The vast majority of this wealth anyway is concentrated in a small number of private hands. What all those who sell their bodily and mental energies for money (the vast majority of the population) get, unevenly distributed among them, is the tiny amount of wealth remaining. And here we have a third kind of poverty, the one mentioned at the beginning as being discernible to socialists. It is neither complete destitution nor life on low pay or the dole but the relative poverty of all the world’s workers, those who run the system from top to bottom and yet, whether “high- paid", “low-paid” or unemployed, see only a tiny fraction of the wealth they produce. In absolute terms they are far better off than their fellow workers of the last century, but in relative terms they are worse off. Their percentage share of the total wealth is considerably lower than that which went to their 19th century counterparts.

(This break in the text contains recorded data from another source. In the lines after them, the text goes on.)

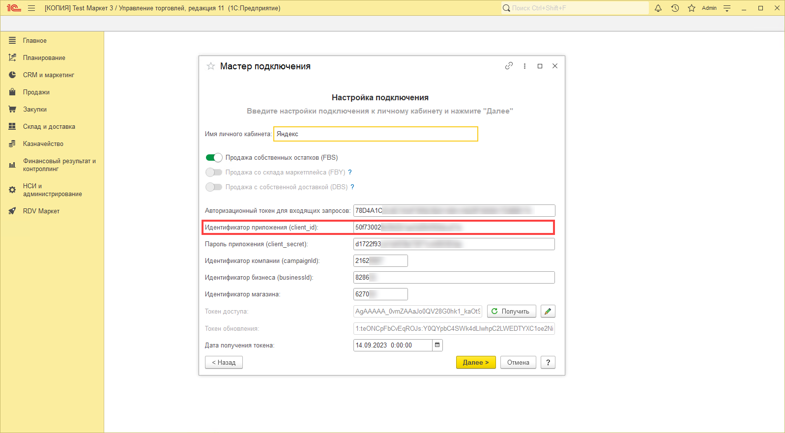 Поле "Идентификатор приложения" заполняется из созданного приложения Яндекс Маркет (ClientID), которое было создано на 1 шаге данной инструкции.
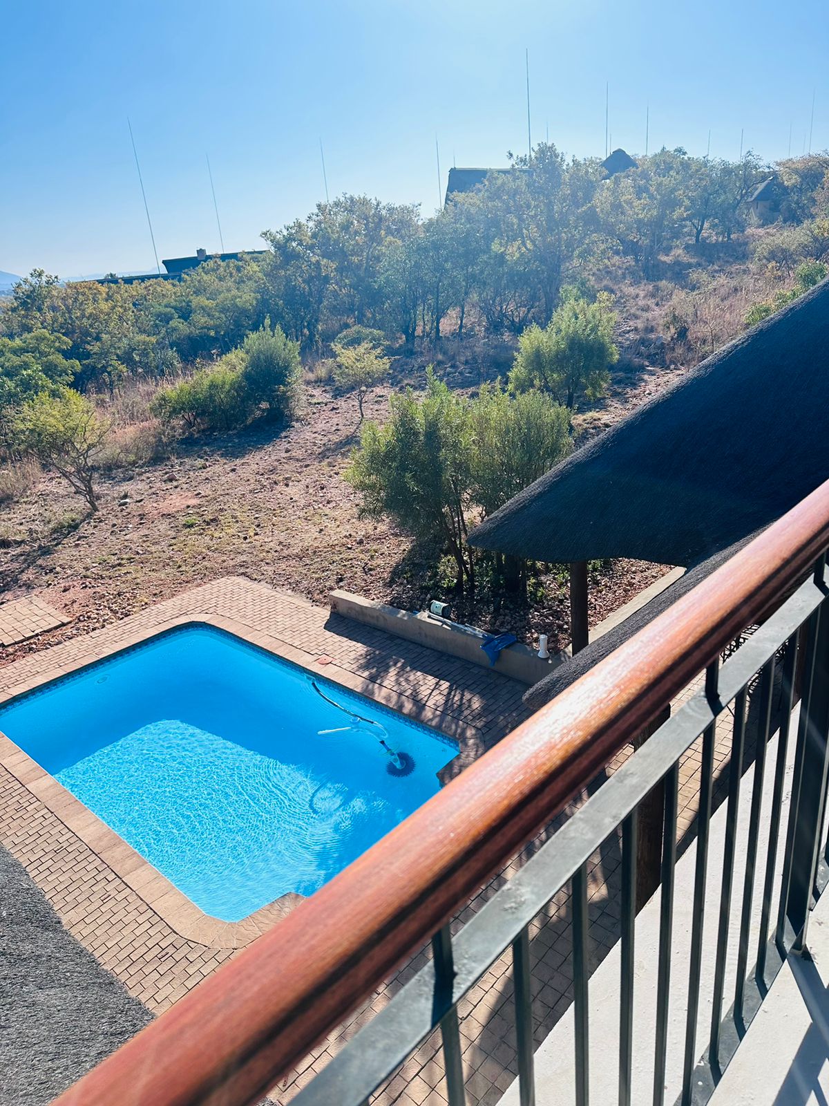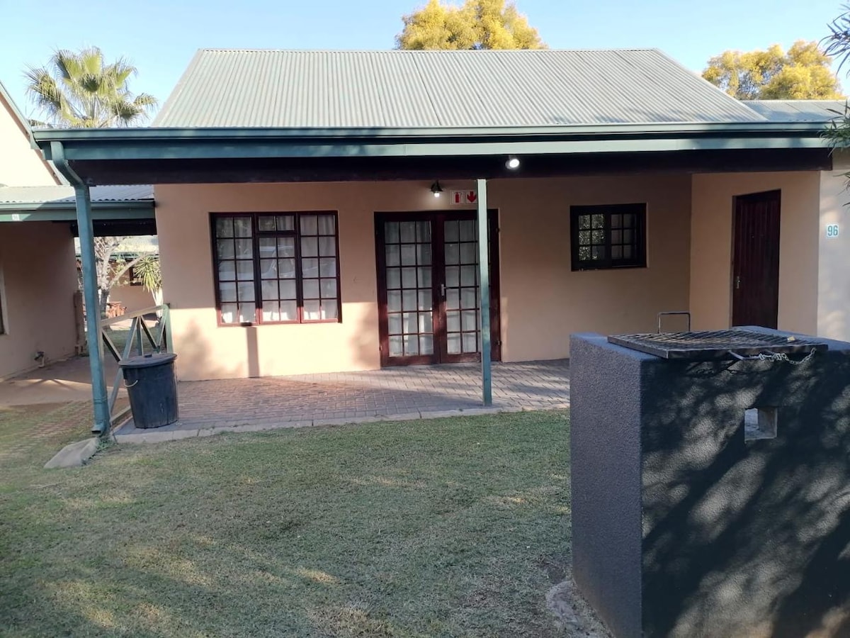 Forget your worries in this spacious and serene space. Lodge 97 is privately nestled between trees - often bustling with birds and squirrels who love to be spoiled with fruit and bread crumbs. This property is ideal for families, couples or mature people who want to enjoy nature and tranquility. Hiking and cycling among wild life are popular activities. The clubhouse on the estate (10 min. drive) provide activities such as golf, spa, game drives, swimming pool, gym, restaurant, padel.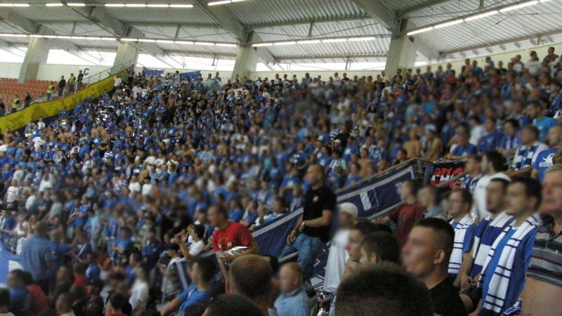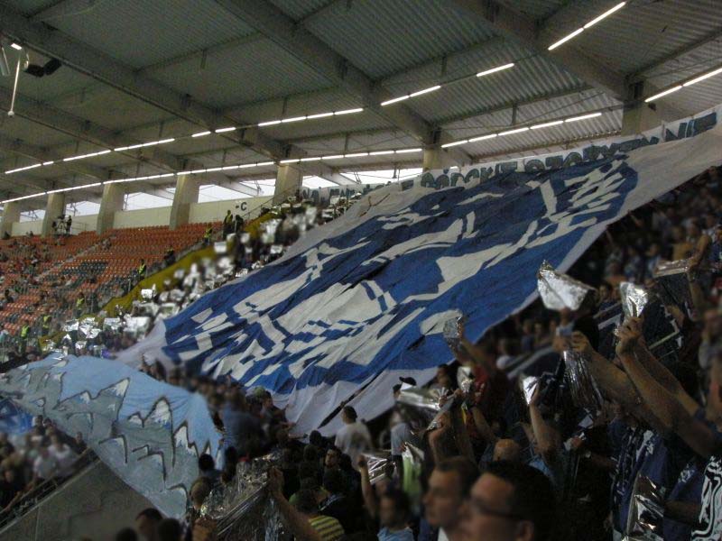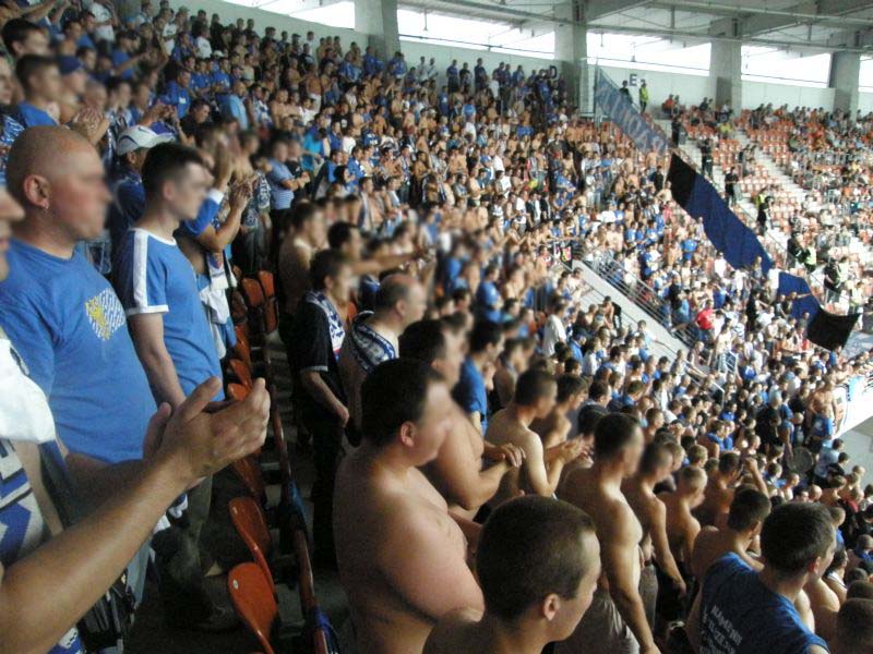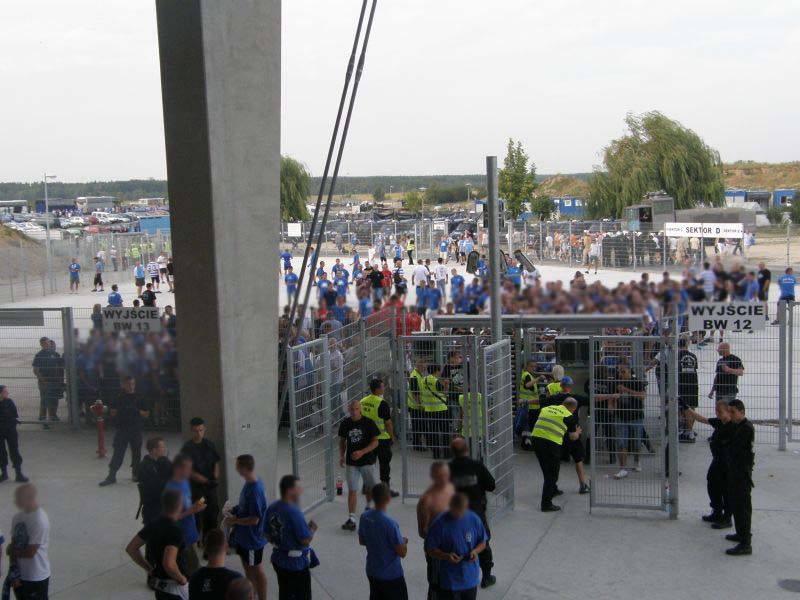 Nie obyło się bez problemów przy wchodzeniu na sektor. Tuż przed rozpoczęciem meczu doszło do małego spięcia z ochroną. W tym czasie gospodarze zaśpiewali "zostaw kibica...", "zawsze i wszędzie..." oraz "piłka nożna dla kibiców". Chorzowianie wchodzili do "klatki" przez całą pierwszą połowę, a ostatnie osoby dotarły na sektor dopiero po przerwie. Ostatecznie kibice Ruchu szczelnie wypełnili sektor gości i od początku spotkania prowadzili rewelacyjny doping. Pomimo meczącej drogi i upału Niebiescy nie tylko dobrze się bawili (np. tworząc "ciuchcię", która przyjęła się po debiucie na ostatnim meczu z Piastem), ale również zdzierali gardła, czego efektem był głośny fanatyczny śpiew, niosący się nie tylko po całym stadionie Dialog Arena, ale pewnie i po jego okolicach. W drugiej połowie meczu grupa Ultras Niebiescy zaprezentowała oprawę.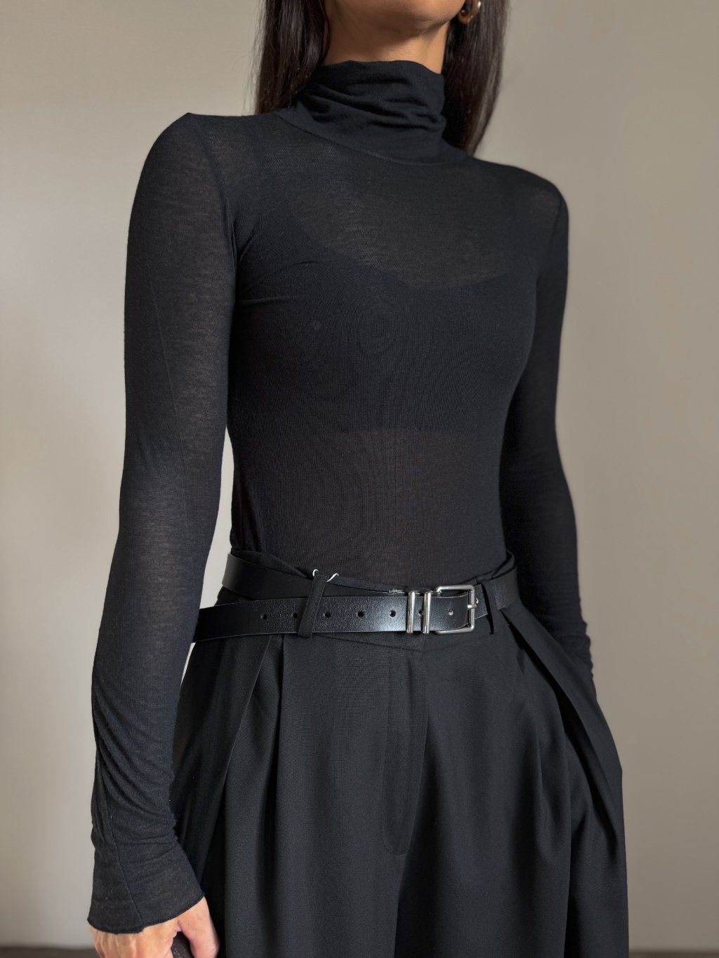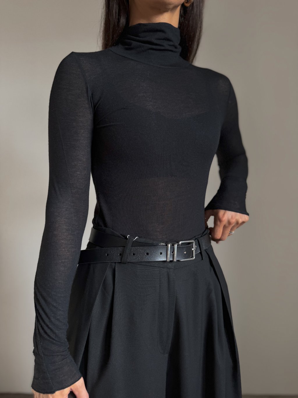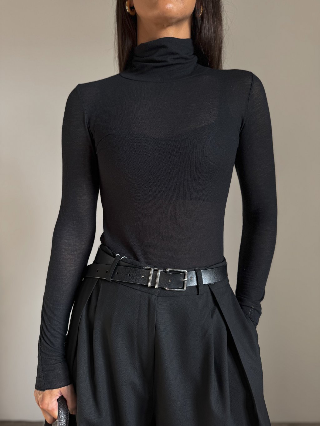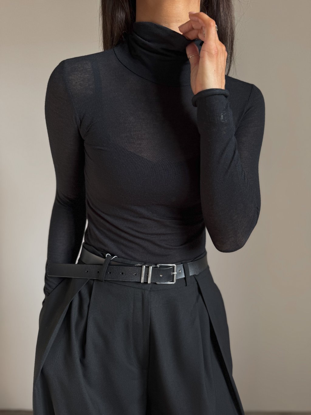 Lehký rolák, pružný, příjemný, měkký, lehce prosvítá. Přírodní materiál s elastanem a podílem kašmíru.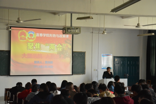 (学生通讯员 刘淑云 胡丽文)举世瞩目、全民关注的十三届全国人大一次会议和全国政协十三届一次会议(以下简称全国“两会”)胜利闭幕后,为了让广大青年学生及时学习领会“两会”精神,按照学校统一安排,3月28日下午,由校党委书记肖华茵领衔与我院党委书记黄良辉、学工科长李婷和团总支书记南建忠四位宣讲老师,以形势政策课的开讲方式,分四个场次在我院全体学生中开展了一次学习领会全国“两会”精神的集中宣讲活动。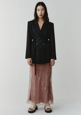 The Arlo Jacket from New Zealand designer, Marle is crafted in 100% Tencel and features a slightly oversized silhouette, classic lapel collar, four shell buttons at the centre front, two flap pockets and long sleeves finished with three shell buttons. This classic double-breasted blazer has an elongated silhouette, falling at a flattering length and features a detachable matching belt.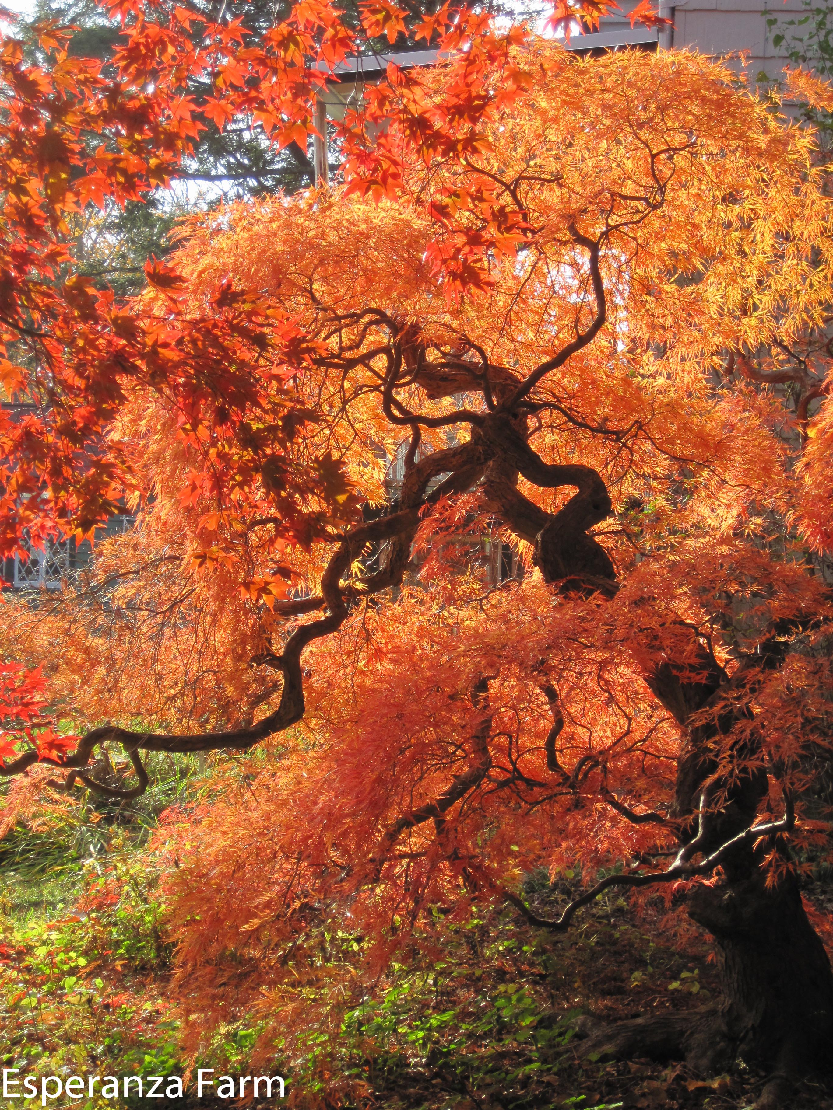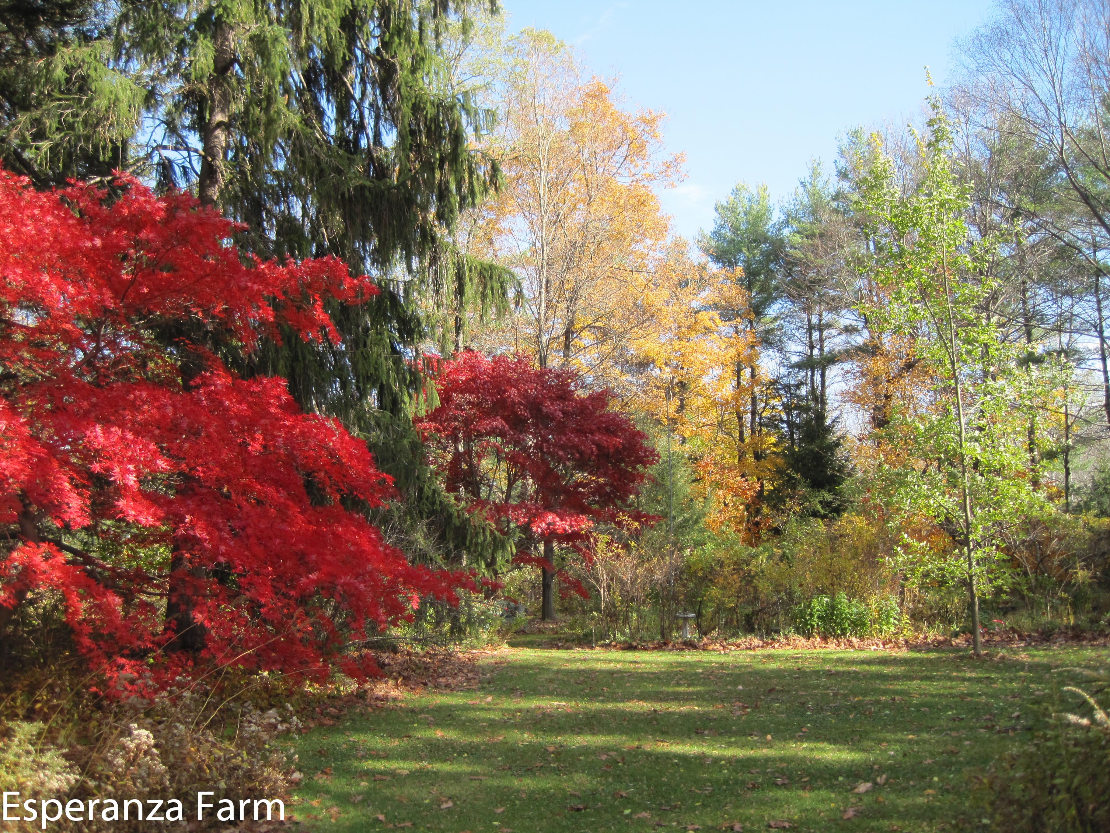 Japanese Maples aren’t usually planted for their fall color, which is a pity. Our various seedlings tend to fall into two types of color: pure scarlet or flame orange. (and a lot of muddy ones where the red just doesn’t quite do it, but is definitely red) A few are orange. The greener the bark, the oranger the coloration in the fall. In general, the orange/green have relatively green summer foliage, which is probably why they are less common (until recently we tended to select on the basis of summer foliage). For one reason or another, we decided to plant two rather nice green ones flanking the drive, I decided I liked them, and we have since added several more. Which means that we have succeeded, somewhat not accidentally in developing what (in several decades) will be a real grouping of orange maples in the Rabbit Hole drive, an accomplishment that really was only apparent this year, as several are very small still. The fall color, no surprise, comes from the two different parents, along with the trunk/twig coloration. The orange seems to come from the fine cut-leafed dwarf maple parent, the red from the bigger, rather coarsely cut full sized parent. The red is always a pure color with no shading on the leaf. The orange tends to shade towards the veins/edges, creating an appearance similar to Stewartia or Dogwoods, where the tree is not a single color.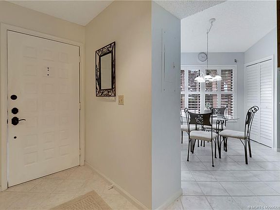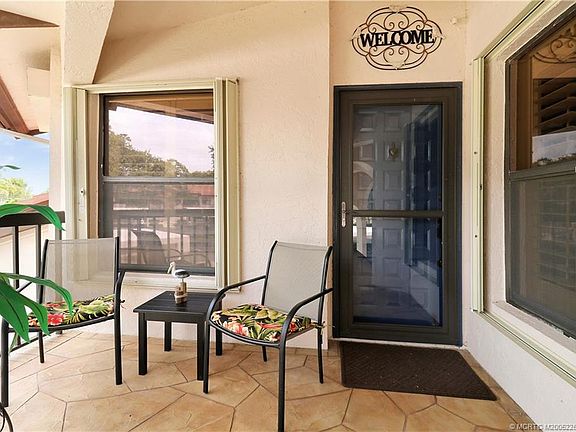 Welcome to this immaculate 2 bedroom, 2 bath condo on the 2nd floor of a highly desirable 55+ community conveniently located in South Stuart. This well maintained home offers a spacious and comfortable layout, with plenty of natural light and a serene atmosphere. The open living and dining area is ideal for relaxing or entertaining, while each bedroom provides ample space and privacy. The kitchen is updated with white cabinets and stainless steel appliances. Plantation shutters throughout. Extremely private lanai overlooking a multitude of trees. The community is beautifully landscaped with lush foliage, tranquil lakes, and walking paths that invite leisurely strolls. Residents enjoy access to a well equipped clubhouse with pool, hot tub, tennis and pickleball courts creating an active, resort like environment for those looking to enjoy their best years in comfort and style.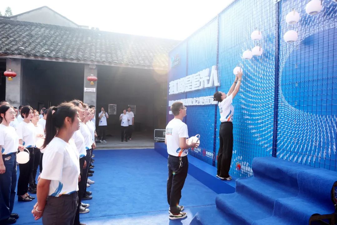 在蟆頤堰試驗“渠道金屬網箱式流水養魚”技術的原址,當天格外熱鬧。小河雖然同往日一樣,靜靜地流淌著,但卻讓現場的每一個人都心潮澎湃。只見代表通威各產業、各板塊的40盞聚光燈已經整齊排放,40位追光代表也已經就位,他們將帶著從夢想開始的地方匯聚而來的光,追光逐夢,向著未來再出發。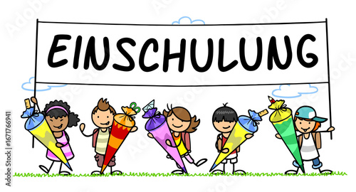 Viele Kinder mit Schultüte halten Schulanfang Banner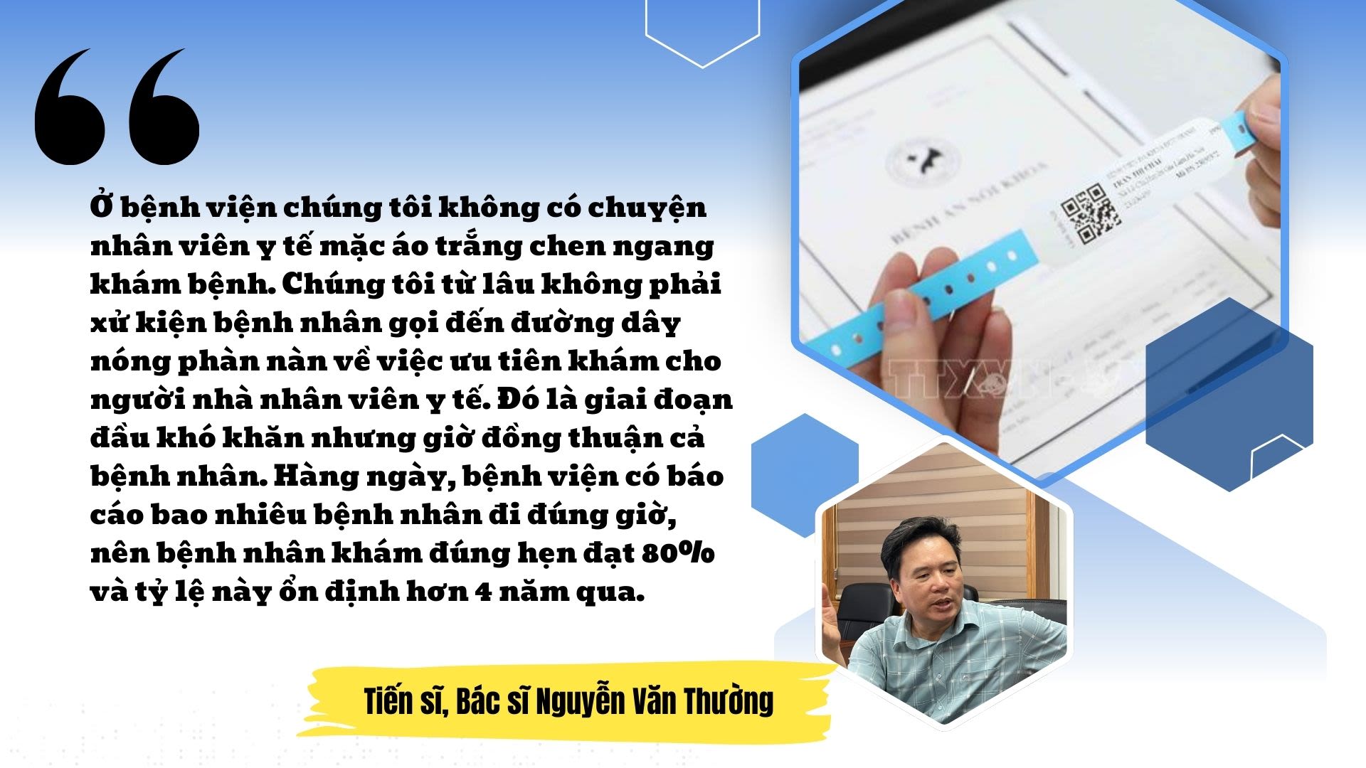 Nhưng với sự kiên quyết tuân thủ lịch hẹn khám ở các phòng, bệnh nhân đến khám rất đúng lịch vì họ biết chắc chắc giờ này của mình, không một ai chen ngang. “Ở bệnh viện chúng tôi không có chuyện nhân viên y tế mặc áo trắng chen ngang khám bệnh. Chúng tôi từ lâu không phải xử kiện bệnh nhân gọi đến đường dây nóng phàn nàn về việc ưu tiên khám cho người nhà nhân viên y tế. Đó là giai đoạn đầu khó khăn nhưng giờ đồng thuận cả bệnh nhân. Hàng ngày, bệnh viện có báo cáo bao nhiêu bệnh nhân đi đúng giờ, nên bệnh nhân khám đúng hẹn đạt 80% và tỷ lệ này ổn định hơn 4 năm qua”, ông Thường tự hào nói.

This helps to explain why workers’ pay never seems to be enough. Even on high wages, the drabness of their lives and the comparative shoddiness of their possessions are as nothing compared with the vast wealth on view everywhere around them and, in particular, with the supreme comfort and luxury in which the small minority who own most of the wealth and don’t depend on being employed for their livelihood, are able to live. Not of course that the attainment of wealth necessarily leads to great personal satisfaction. But this is the illusion that everything in our competitive set-up, in particular advertising and the media, conspires to create. Furthermore to a society permeated by economic insecurity (how many of us do not tremble for our jobs at some time in our lives?) and the mentality of getting ahead at the expense of others envy and the urge to get as much money as possible “behind you” while the going’s good is a perfectly comprehensible reaction.
As an alternative to the system which produces and perpetuates poverty we have a completely different kind of society to propose, one which will do away with poverty in all its definitions. We propose a world community in which all the resources at man’s disposal are used to satisfy the needs of people, not of profits. There will be no poverty of any kind quite simply because all wealth will be owned in common and all persons will have free access to all goods. There will be no money, no employers, no wages, no frontiers. Only voluntary cooperation and economic equality In a society in which what you need will be readily available when you need it the “I want more” mentality will inevitably be absent. To achieve this change of society we need a revolution in ideas followed by a political revolution in which people by majority vote (not by minority violence) will usher out the present world system of buying and selling.